Belos: Operation Op*x           3.7999 (1638)    3.9999 (1638)     4.1238 (1638) 
sayerhs commented 4 years ago

@jhux2 Interesting. So the larger graph with the extra zeros is having a performance impact? Shall we revert this? Since this will have a big impact on production runs.

I wonder if we should consider only doing edges and not full element for volume? And if that'll restore the performance somewhat. We will still need to do the full face elem graph, but hopefully that's a much smaller overhead.

jhux2 commented 4 years ago

Yes, I agree this should be reverted until the performance issues can be resolved.

I wonder if we should consider only doing edges and not full element for volume? And if that'll restore the performance somewhat. We will still need to do the full face elem graph, but hopefully that's a much smaller overhead.

So this would be require separate code paths that depend on the discretization, as well as maintaining an additional graph for the element graph?

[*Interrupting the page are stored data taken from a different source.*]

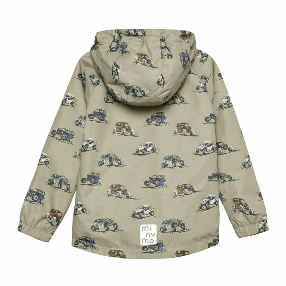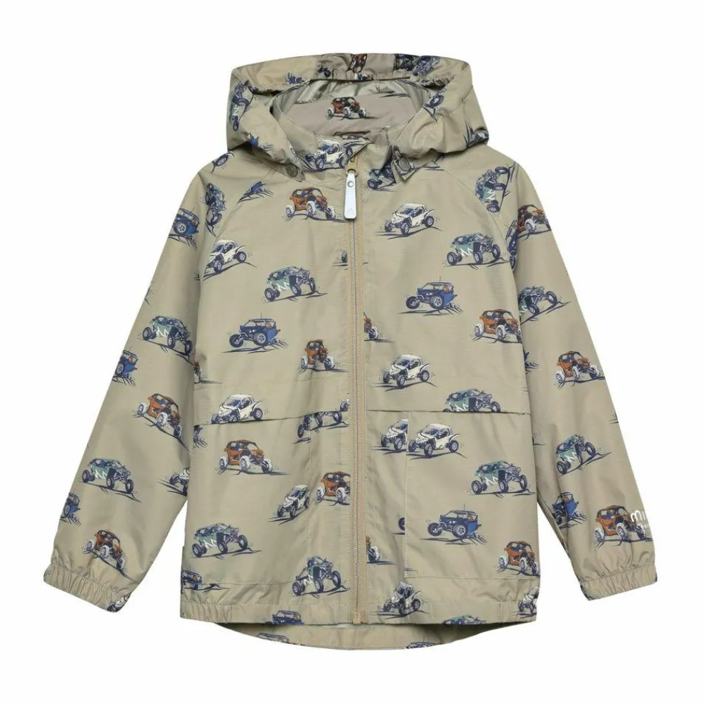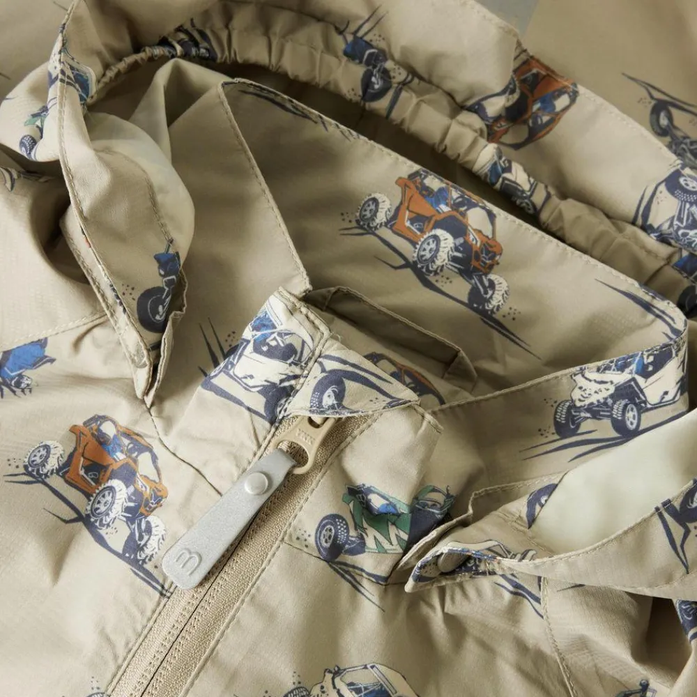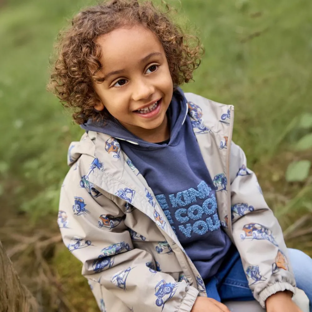 Den neutrale farve Crockery får de seje køretøjer i helprintet til at træde frem, så det er nemt at finde yndlingsjakken, når skyerne samler sig. Den faste hætte, gennemgående lynlås og elastiske kanter hjælper med at holde regnstænk og vind ude, mens to praktiske lommer giver plads til små skatte på farten. God til skolevej, legeplads og weekendture med familien.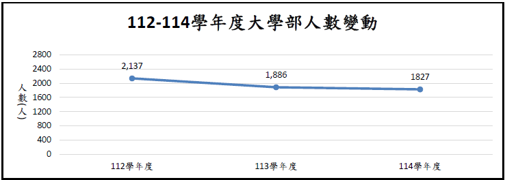 | 大學部(含大漢專班) | 2,137 | 1,886 | 1,827 |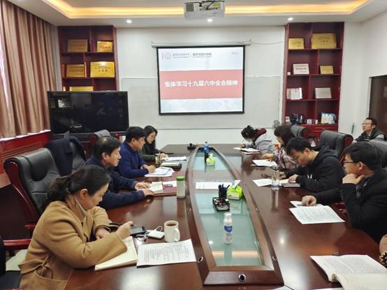 其他与会同志也逐一发言。党委书记杨生海最后作总结发言,党的十九届六中全会是在党成立100周年重要历史时刻,在“两个一百年”奋斗目标历史交汇点上召开的一次具有重大历史意义的会议。全会审议通过的《中共中央关于党的百年奋斗重大成就和历史经验的决议》,是新时代实现中华民族伟大复兴的行动指南。学习好、宣传好、贯彻好党的十九届六中全会精神,是全院师生当前和今后一个时期一项重大政治任务,后续我们将稳步推进,逐步掀起学习热潮。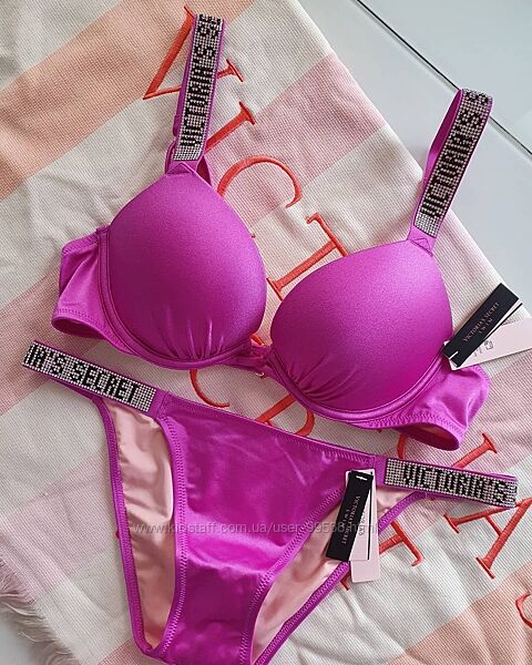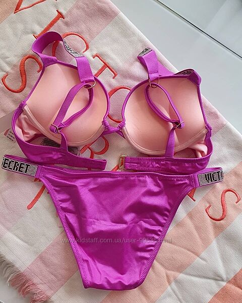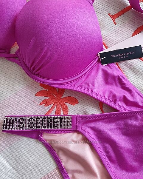 Сияй! В новом купальнике из коллекции Bombshell с двойным пуш-ап. Ткань с шимером невероятного розово-сиреневого цвета, лого выложено стразами.Верх в размере 34А на 75А/70В примерно. Плавочки модель Bikini в размере S , на бедра 90-96 см примерно.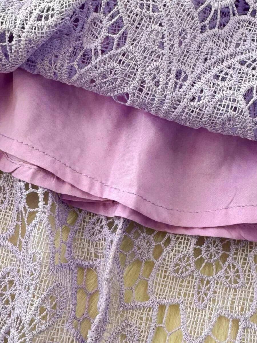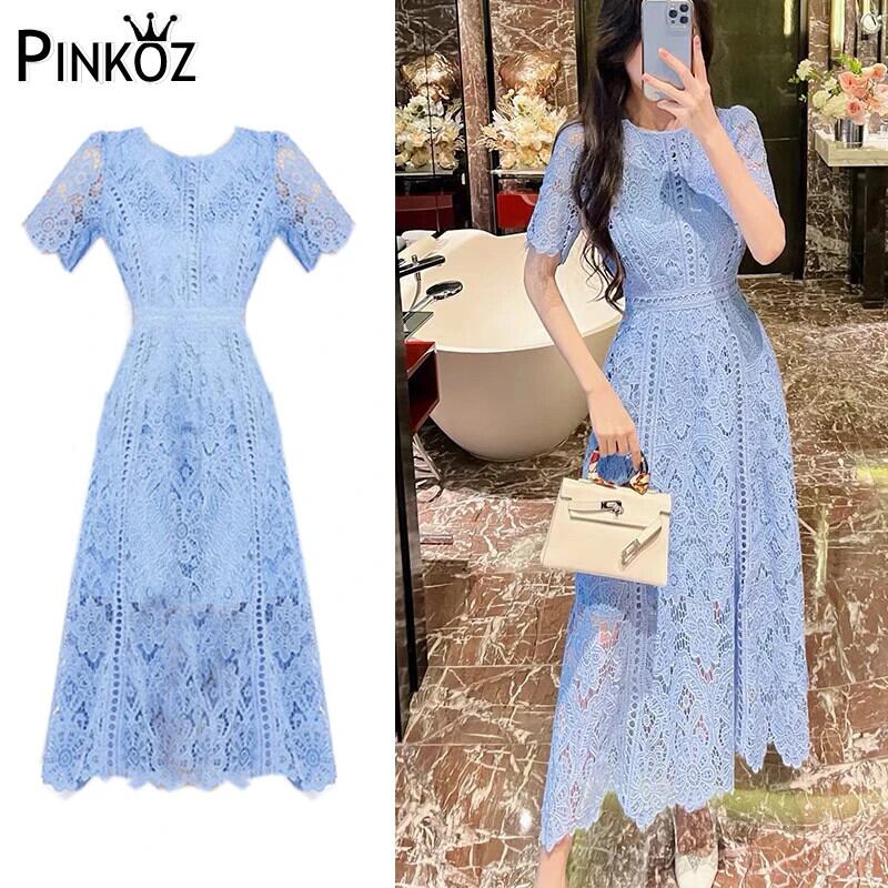 Pinkoz デザイナーレースブルーアウト o ネックエレガントドレス春夏新ファッションオフィスレディドレスヴィンテージローブ za ピンク スプリング 春物 サマー 夏物 Oネック ビンテージ 会社 学校 通勤や通学にも

sayerhs commented 4 years ago

@jhux2 if the realm.realmUsesEdges_ == true then we activate buildEdgeToNodeGraph and not buildElemToNodeGraph. I will need to check, but I am fairly certain there are no use cases where the user sets use_edges: yes in input file and still ends up needing an element based graph.

rcknaus commented 4 years ago

We just mix and match on the boundaries for the graph, so I think just the buildFaceElem connections should be needed for use_edges: yes.

jhux2 commented 4 years ago

We just mix and match on the boundaries for the most part for the graph, so I think just the buildFaceElem connections should be needed for use_edges: yes.

I guess this is what you were saying in this comment.